Having lost 2-1 on aggregate to Borussia Mönchengladbach in 1977 and 4-2 to Porto in 1987, Dynamo – who had come through both qualifying rounds – hoped to make it third time lucky in 1999. But after seeing off Real Madrid 3-1 in the quarter-finals*, they were edged out 4-3 by Bayern in the semis. And just like PSV, they would see the team who dashed their dreams go on to succumb to a scarcely believable comeback by English opposition in the final (and Solskjær has won it and all that).

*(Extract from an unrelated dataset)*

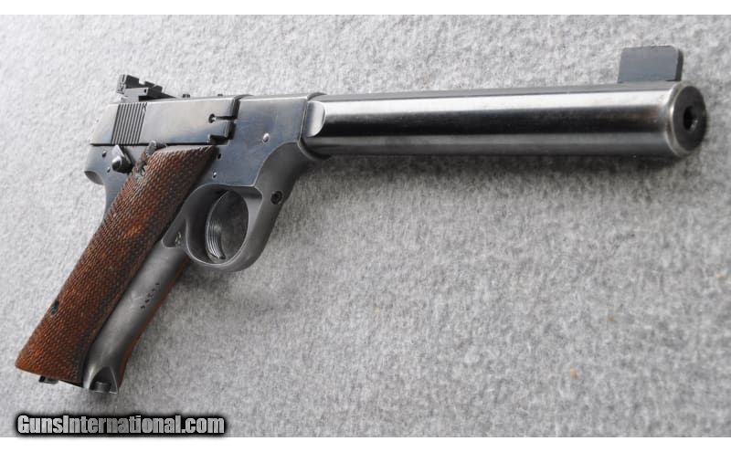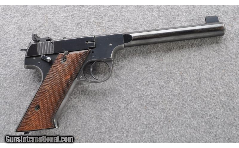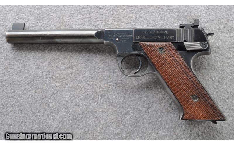 Description: This High Standard HD-Military model was most likely shipped in 1948 and appears in good condition with a new recoil spring. .22 Long Rifle SOLD Curio/Relic: Yes Chambers: .22 Long Rifle in a ten round detachable magazine semiautomatic rimfire pistol Metal Condition: "Good, with some blue wear at the carry points, muzzle and trigger guard Wood Condition: Grips show moderate wear with a few flat spots in the checkered fields Bore Condition: Bright Barrels: 6 3/4 Triggers: Single action Weight: 40 Oz. Sights: "Patridge style front blade, adjustable leaf rear Item Location: Grand Junction, CO |

Two members of that great Dynamo team would go on to taste Champions League success four years later, however. Kakha Kaladze and Andriy Shevchenko were involved as Milan won one of the more uneventful finals by beating Juventus on penalties at Old Trafford after it had ended 0-0 – with Shevchenko scoring the decisive spot-kick after Kaladze had seen his saved.
*1998-99 was the last edition of the Champions League before it expanded to 32 teams
If ever you’re asked to name all 42 Champions League / European Cup finalists in a pub quiz (you never know), Panathinaikos are probably going to be one of those last few you’re racking your brains for as time runs out (well, they would have been until you read this). In 1971, the Athenians – who aren’t even Greece’s most successful club – lost to Ajax at Wembley. They got as far as the semis in 1984-85 – where they were comprehensively defeated 5-0 on aggregate by Liverpool.
In the 1996 semis, Panathinaikos had the chance to get revenge on Ajax, then the holders – and they took a 1-0 lead back to Athens. But that was to be as good as it got for Juan Ramón Rocha’s side, who lost the second leg 3-0.
Panathinaikos would narrowly lose to Barcelona in the 2002-03 quarter-finals and Villarreal in the round of 16 six years later – but they’ve only qualified once since then. Nonetheless, at least their fans can sing loud and proud about how their team are still the most southerly ever to appear in the final (Europa League fetishists Sevilla are probably the only vaguely viable threat to that changing).